▶ **Task directions**
The whole listing, apart from its images, should be restated word for word.

▶ **Raw data**
....................

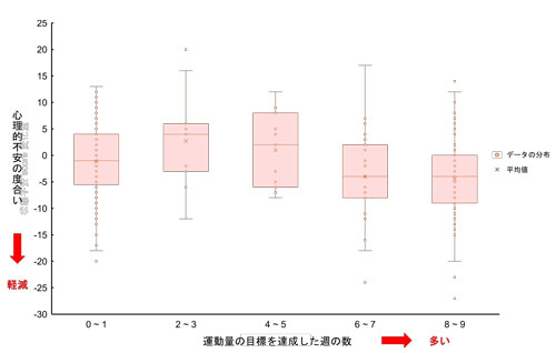 従業員のWell-being 向上を目的に慶應義塾大学と共同研究を行い、運動によって心理的不安が軽減することを実証しました。この実証結果に基づいたプログラムを提供し、従業員の運動を促進しています。2025年10 月に実施したイベントでは、1週間のうち2 日は1日1万歩以上歩くという目標を設定し、この目標を達成できるよう、参加者に2 カ月間継続してウォーキングをしてもらいました。また、アンケート調査を通じて「心理的不安の度合い」「うつ傾向」「プレゼンティーイズム値」に関する項目を測定し、イベントの前後の結果を比較することで効果を検証しました。その結果、参加者の約8 割に、一時的な不安の度合いを表す「状態不安」の軽減が見られたほか、目標を達成した週が6 週以上となった参加者は、目標を達成した週が6週未満となった参加者と比べ、すべての項目で数値が改善する傾向が見られました。
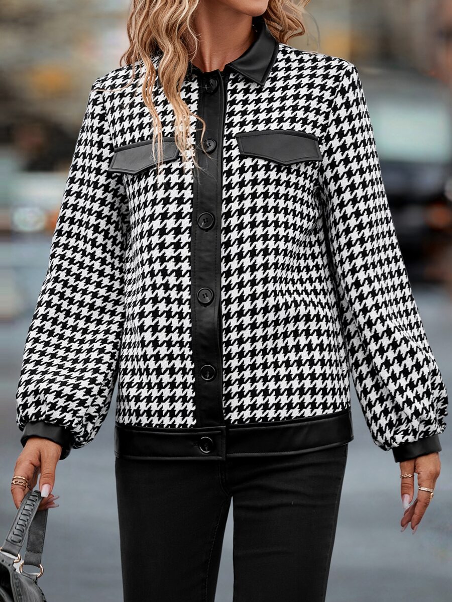 SHEIN Unity Houndstooth Flap Detail Bishop Sleeve Jacket
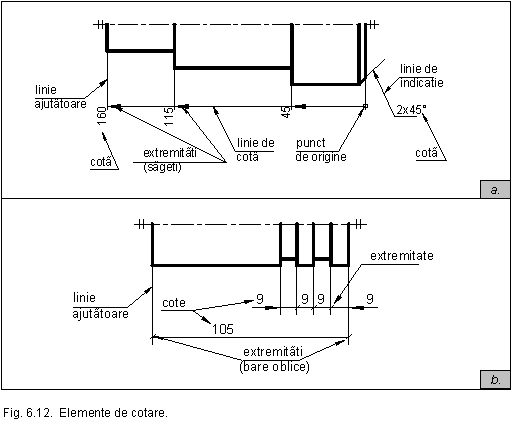 Principalele elemente de cotare sunt (fig. 6.12 : liniile ajutatoare, liniile de cota, extremitatile liniei de cota, punctul de origine, liniile de indicatie si valoarea numerica a cotei. Aceste elemente formeaza o singura entitate numita "cota" dar pot fi privite si ca niste entitati individuale care pot fi manevrate (editate) fiecare în parte. O cota ce a fost trasata cu o comanda de cotare se poate împarti în entitati daca se "explodeaza" folosind comanda EXPLODE.

....................

▶ **Solved exercise**
 従業員のWell-being 向上を目的に慶應義塾大学と共同研究を行い、運動によって心理的不安が軽減することを実証しました。この実証結果に基づいたプログラムを提供し、従業員の運動を促進しています。2025年10 月に実施したイベントでは、1週間のうち2 日は1日1万歩以上歩くという目標を設定し、この目標を達成できるよう、参加者に2 カ月間継続してウォーキングをしてもらいました。また、アンケート調査を通じて「心理的不安の度合い」「うつ傾向」「プレゼンティーイズム値」に関する項目を測定し、イベントの前後の結果を比較することで効果を検証しました。その結果、参加者の約8 割に、一時的な不安の度合いを表す「状態不安」の軽減が見られたほか、目標を達成した週が6 週以上となった参加者は、目標を達成した週が6週未満となった参加者と比べ、すべての項目で数値が改善する傾向が見られました。
 SHEIN Unity Houndstooth Flap Detail Bishop Sleeve Jacket
 Principalele elemente de cotare sunt (fig. 6.12 : liniile ajutatoare, liniile de cota, extremitatile liniei de cota, punctul de origine, liniile de indicatie si valoarea numerica a cotei. Aceste elemente formeaza o singura entitate numita "cota" dar pot fi privite si ca niste entitati individuale care pot fi manevrate (editate) fiecare în parte. O cota ce a fost trasata cu o comanda de cotare se poate împarti în entitati daca se "explodeaza" folosind comanda EXPLODE.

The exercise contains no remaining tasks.